Cora had shut the door behind herself when she slipped away, but Natasha didn't come any closer to him yet. Instead, she diplomatically asked, "How have you been?"

"Good," he said, somehow able to find his voice while everything inside him felt like it was constricting and expanding all at once. He was startled by how calm he sounded. "How about you?"

"Good."

She was eyeing him like she wasn't entirely sure what to make of him, and he imagined he looked much the same. They had never been like this, never done the small talk thing, so despite knowing that he was walking on thin ice, Rasmus questioned, "Why now?"

"Well, for starters, I couldn't pass up the chance to see you two onstage together—and playing a married couple no less." That hint of playfulness, the hint of how they used to be creeping up in her voice was enough to make him nearly begin to grin in spite of himself.

It was also enough to make him relax the slightest bit. He ran a hand through his hair, feeling to make sure he got all of that pesky gel out of it and not realizing until too late that Natasha would probably interpret it as nervousness. "Yeah, who would've guessed we'd end up here?"

She didn't immediately answer, and he self-consciously wondered if he should busy himself with something else while they talked. But he didn't want to look like he wasn't paying attention to her, not when she'd waited so long and come so far.

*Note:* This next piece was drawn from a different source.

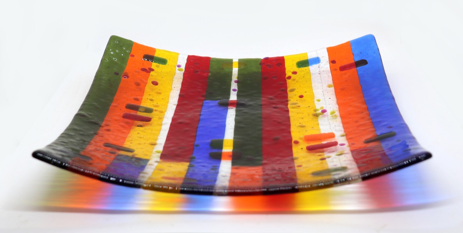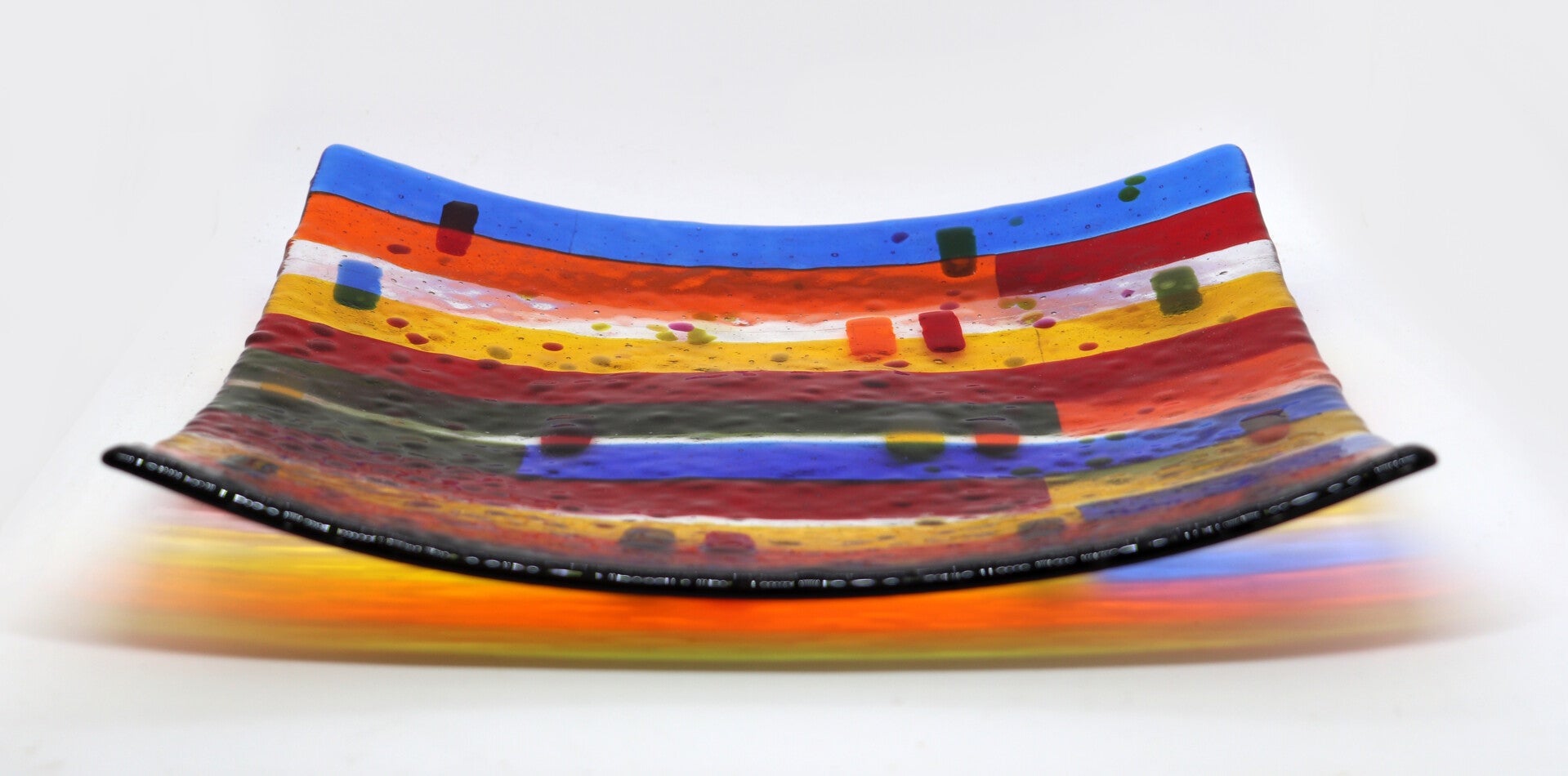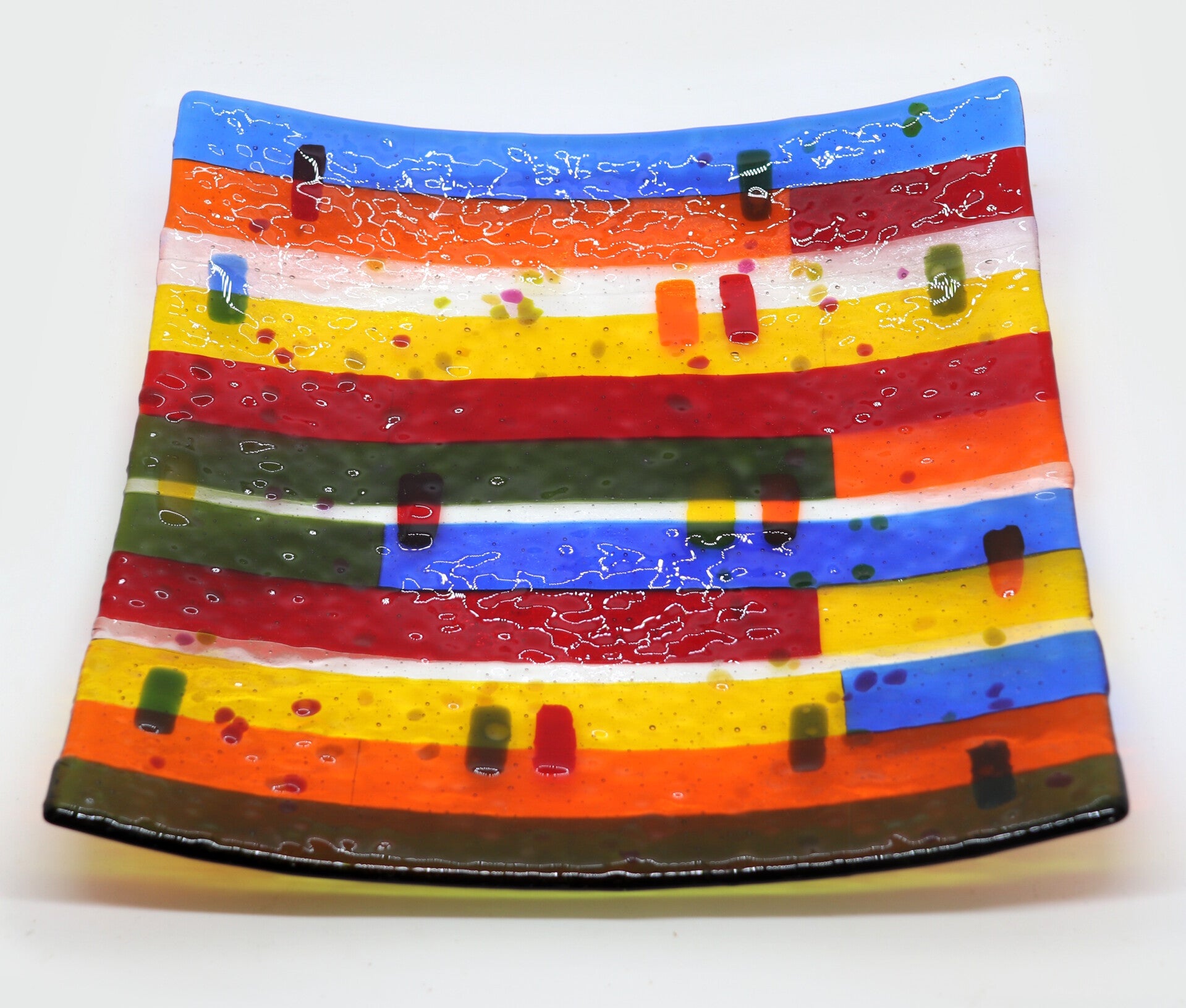 transparante vierkante glazen schaal met waterdruppeleffect, in groen, oranje, rood, blauw en geel

"You seem calmer," she eventually observed out loud.

"I grew up."

Something almost like a smile started to tug at her lips. "I was kind of hoping you'd say that."

Rasmus didn't know how he had expected her to respond, but it certainly wasn't like that. "...You were? Why?"

"You sort of treated me like shit," she shrugged; he swallowed down his shame.

"I know. And I'm really sorry, Nat. You deserved so much better from me."

"I know, and I forgive you," she said softly, finally closing some of the space between them to plop down on the carpet and rest her chin in one hand, thoughtful. "In a way, you sort of did me a favor because I really needed to get away from here and don't know if I could have done it if you and I didn't have the falling out that we did. But I guess I said goodbye to you hoping it wouldn't have to be goodbye forever...we were best friends."

His throat had started to close up, the weight of all their memories clenching onto it, as she spoke of forgiveness. So instead of instantly giving her a verbal response, Rasmus reached into his drawer and brushed a couple of stray bits of pencil lead off the cover of the notebook inside. He saw her eyes widen, almost imperceptibly, when he held it out to her—that first sketchbook she'd ever given him.

"I still use it."

She handled it gingerly, as if it were much older than it was. "You know, if you were a serious artist," she teased. "You would have used up all the pages ages ago."